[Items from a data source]

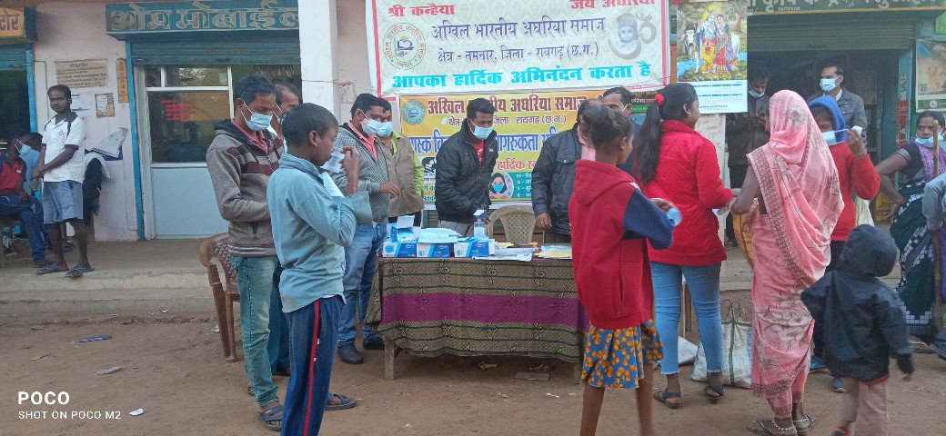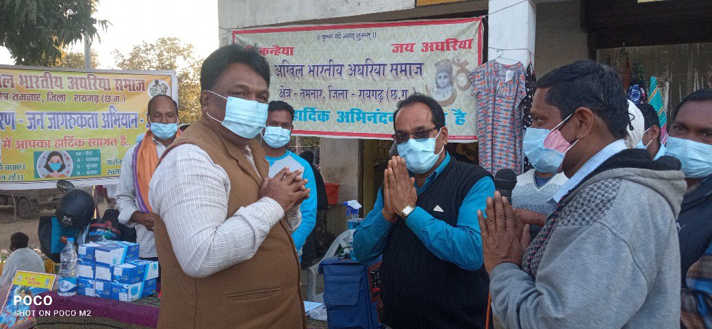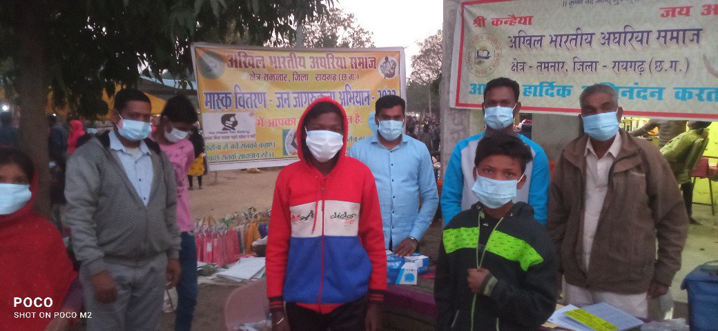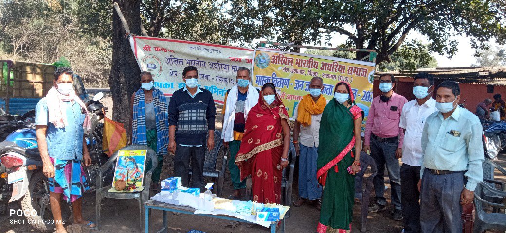 तमनार /दुलेन्द्र पटेल 2.2.2022 अखिल भारतीय अधरिया समाज क्षेत्र तमनार द्वारा कोरोना संकट काल तीसरी लहर को देखते हुए बिना मास्क वाले जरूरतमंदों को दिनांक 27 जनवरी से निःशुल्क मास्क वितरण के साथ कोरोना बचाव जनजागरूकता अभियान के तहत 31 जनवरी को झिंकाबहाल,उरबा एवं 1 फरवरी को पालीघाट,खम्हरिया में हजारो ग्रामीणजनों को स्टाल लगाकर निःशुल्क मास्क वितरण के साथ कोरोना बचाव जनजागरूकता पम्पलेट बांटा गया।
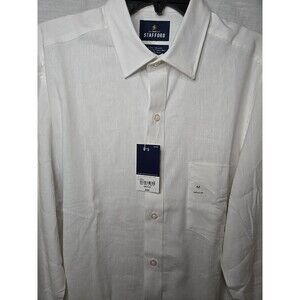 The Stafford Regular Fit Dress Shirt in Men's size medium, white, is a classic and versatile piece perfect for various occasions such as business meetings, casual outings, and travel. Made from a blended fabric of rayon, linen, and cotton, this shirt features a spread collar, button closure, and a solid pattern. With a chest size of 21 inches and a neck size of 15 inches, this dress shirt has a regular fit and a barrel cuff style, making it both stylish and comfortable for everyday wear.
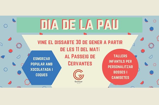 Volem celebrar el Dia escolar de la Pau i la No-Violència i passar una bona estona amb tots aquells que ens vulguen acompanyar. Com que se celebra el Dia escolar de la Pau, hem organitzat uns tallers infantils d’estampació per a xiquetes i xiquets en els quals puguen personalitzar borses i samarretes. El taller és totalment lliure!
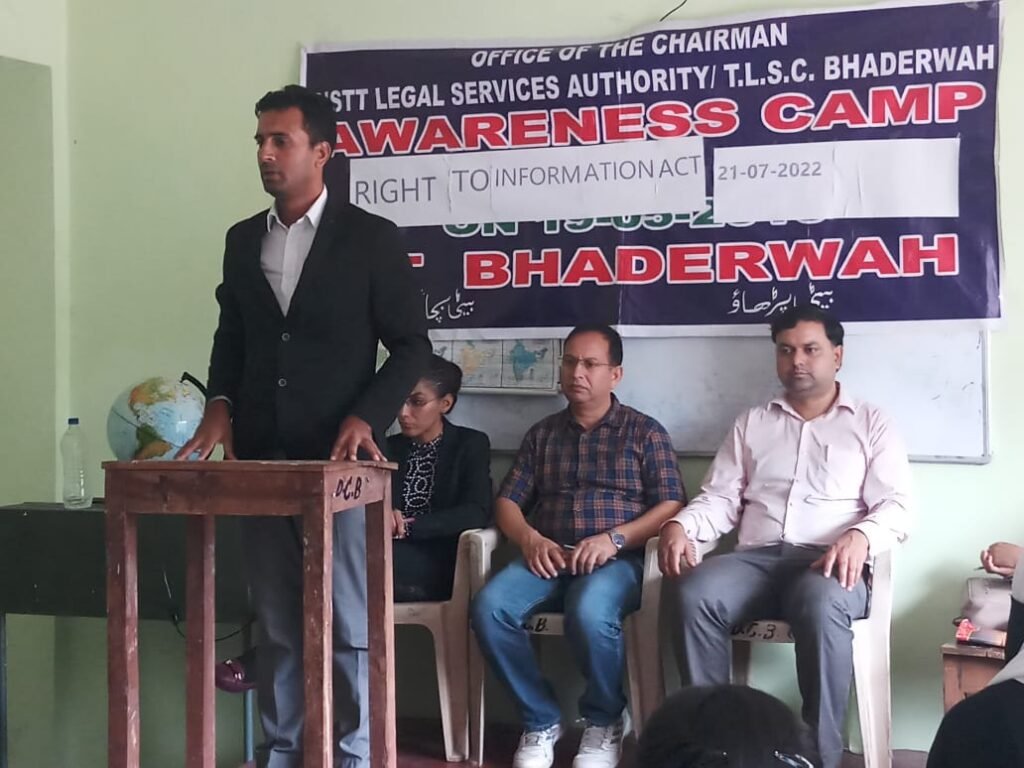 A one-day awareness programme on the “Right to Information Act 2005” was held here at Degree College Bhaderwah in collaboration with the District Legal Services Authority.The programme started with a welcome address by Dr. Kuldeep Kumar Sharma, principal of GDC Bhaderwah. Dr. Sandeep Kotwal, Convener, Debate and Seminar Committee, holds the proceedings of the programme. Dr. Sandeep Kotwal shared his views about the benefits of the Right to Information Act 2005, especially for students.
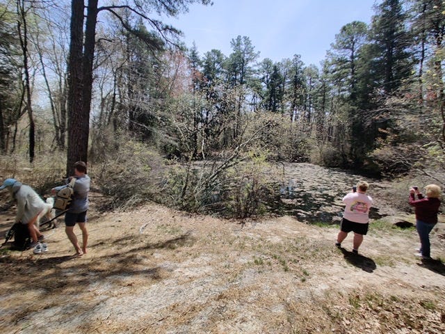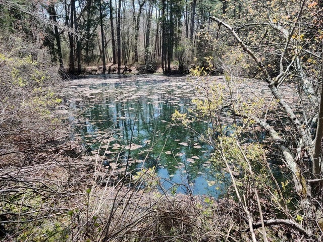 Once you see these, park and go on foot. You could get a vehicle down the trail but it’s narrow and there’s no safe turn-around. This is also a popular spot for dog walkers, and you’d be that jerk who makes people jump off the trail into the weeds to let you by. I didn’t meet any puppies this day, but I did meet two Van Life Instagrammers and a couple who parked their red Jeep next to my car and followed me in. This spot is no secret. In fact there are three brick fire pits around it. As you can see, if the Jersey Devil still bathes here, it isn’t very shy:
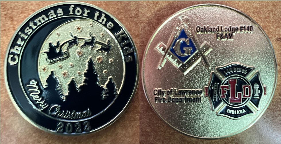 Oakland Masonic Lodge #140 and the City of Lawrence Fire Department have partnered for a third year to offer this challenge coin in support of the 2023 Christmas for the Kids campaign. It is never too early to start fundraising for a worthy cause! All profits from this project will go directly to the City of Lawrence Fire Department Christmas event. These coins are 1.75 inches in diameter and are polished gold tone. The obverse has both the Masonic square and compass and the City of Lawrence Fire Department maltese cross. The reverse is Santa Flying through the Snow , with the fundraiser name “Christmas for the Kids” around the top, and the year “2023” centered at the bottom. These challenge coins would make an excellent stocking stuffer or gift – all the while supporting those less fortunate. We are selling these coins for $20 each – this includes delivery in the continental US.
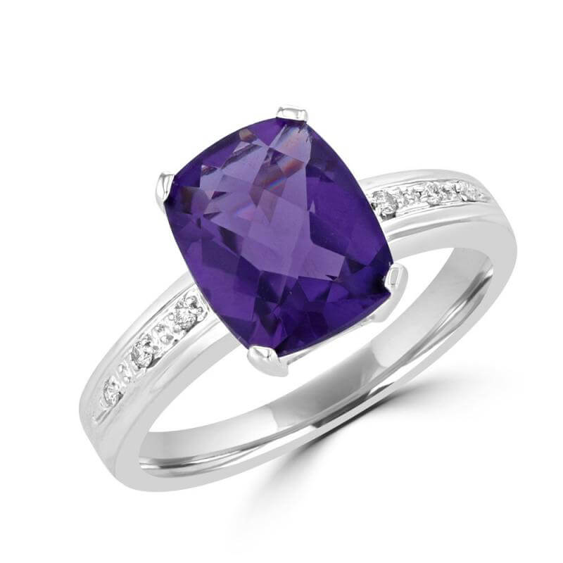 8X10 CUSHION AMETHYST AND ROUND DIAMOND RING
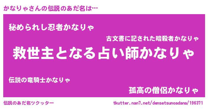 | 男性向けラノベタイトル風あだ名 | 『かなりゃに滅ぼされるだけの簡単なお仕事です』 |
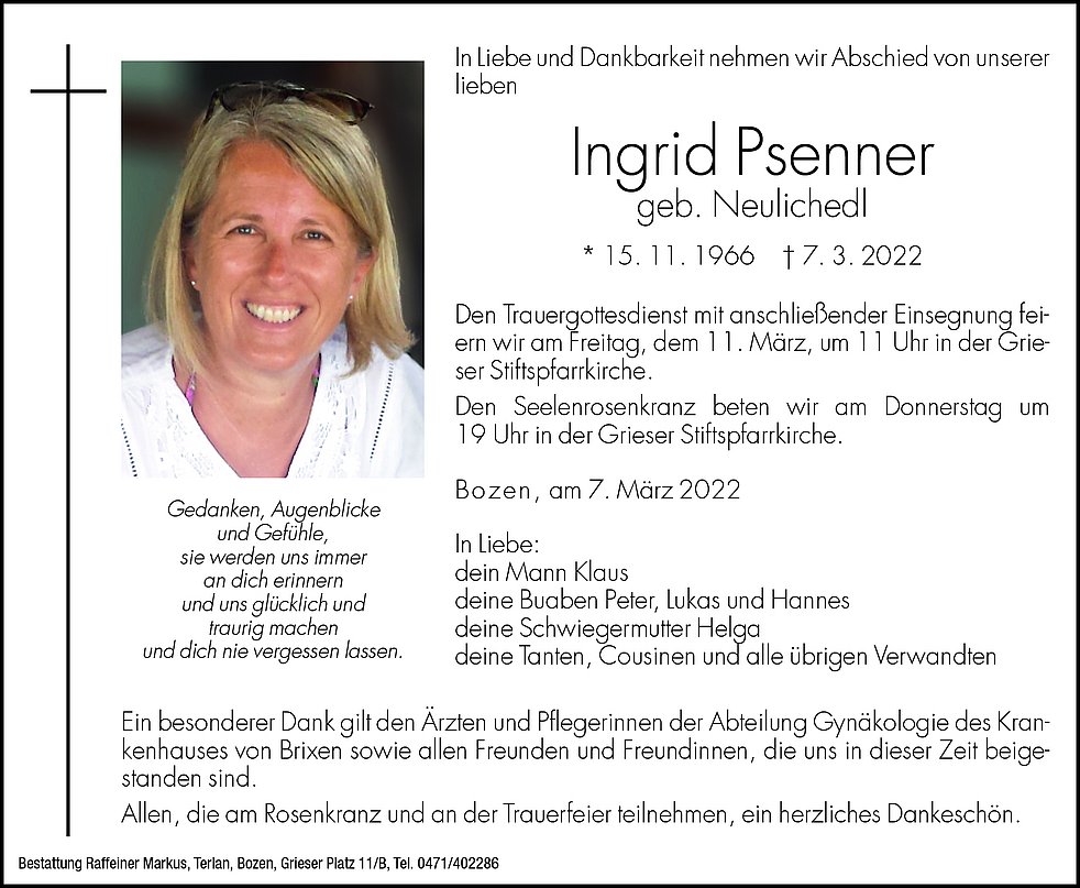 Ein besonderer Dank gilt den Ärzten und Pflegerinnen der Abteilung Gynäkologie des Krankenhauses von Brixen sowie allen Freunden und Freundinnen, die uns in dieser Zeit beigestanden sind.

◆ **WHAT TO DO**
Your copy should hold every entry exactly as written, but none of the pictures.

◆ **RESULT FOR THIS TASK**
 तमनार /दुलेन्द्र पटेल 2.2.2022 अखिल भारतीय अधरिया समाज क्षेत्र तमनार द्वारा कोरोना संकट काल तीसरी लहर को देखते हुए बिना मास्क वाले जरूरतमंदों को दिनांक 27 जनवरी से निःशुल्क मास्क वितरण के साथ कोरोना बचाव जनजागरूकता अभियान के तहत 31 जनवरी को झिंकाबहाल,उरबा एवं 1 फरवरी को पालीघाट,खम्हरिया में हजारो ग्रामीणजनों को स्टाल लगाकर निःशुल्क मास्क वितरण के साथ कोरोना बचाव जनजागरूकता पम्पलेट बांटा गया।
 The Stafford Regular Fit Dress Shirt in Men's size medium, white, is a classic and versatile piece perfect for various occasions such as business meetings, casual outings, and travel. Made from a blended fabric of rayon, linen, and cotton, this shirt features a spread collar, button closure, and a solid pattern. With a chest size of 21 inches and a neck size of 15 inches, this dress shirt has a regular fit and a barrel cuff style, making it both stylish and comfortable for everyday wear.
 Volem celebrar el Dia escolar de la Pau i la No-Violència i passar una bona estona amb tots aquells que ens vulguen acompanyar. Com que se celebra el Dia escolar de la Pau, hem organitzat uns tallers infantils d’estampació per a xiquetes i xiquets en els quals puguen personalitzar borses i samarretes. El taller és totalment lliure!
 A one-day awareness programme on the “Right to Information Act 2005” was held here at Degree College Bhaderwah in collaboration with the District Legal Services Authority.The programme started with a welcome address by Dr. Kuldeep Kumar Sharma, principal of GDC Bhaderwah. Dr. Sandeep Kotwal, Convener, Debate and Seminar Committee, holds the proceedings of the programme. Dr. Sandeep Kotwal shared his views about the benefits of the Right to Information Act 2005, especially for students.
 Once you see these, park and go on foot. You could get a vehicle down the trail but it’s narrow and there’s no safe turn-around. This is also a popular spot for dog walkers, and you’d be that jerk who makes people jump off the trail into the weeds to let you by. I didn’t meet any puppies this day, but I did meet two Van Life Instagrammers and a couple who parked their red Jeep next to my car and followed me in. This spot is no secret. In fact there are three brick fire pits around it. As you can see, if the Jersey Devil still bathes here, it isn’t very shy:
 Oakland Masonic Lodge #140 and the City of Lawrence Fire Department have partnered for a third year to offer this challenge coin in support of the 2023 Christmas for the Kids campaign. It is never too early to start fundraising for a worthy cause! All profits from this project will go directly to the City of Lawrence Fire Department Christmas event. These coins are 1.75 inches in diameter and are polished gold tone. The obverse has both the Masonic square and compass and the City of Lawrence Fire Department maltese cross. The reverse is Santa Flying through the Snow , with the fundraiser name “Christmas for the Kids” around the top, and the year “2023” centered at the bottom. These challenge coins would make an excellent stocking stuffer or gift – all the while supporting those less fortunate. We are selling these coins for $20 each – this includes delivery in the continental US.
 8X10 CUSHION AMETHYST AND ROUND DIAMOND RING
 | 男性向けラノベタイトル風あだ名 | 『かなりゃに滅ぼされるだけの簡単なお仕事です』 |
 Ein besonderer Dank gilt den Ärzten und Pflegerinnen der Abteilung Gynäkologie des Krankenhauses von Brixen sowie allen Freunden und Freundinnen, die uns in dieser Zeit beigestanden sind.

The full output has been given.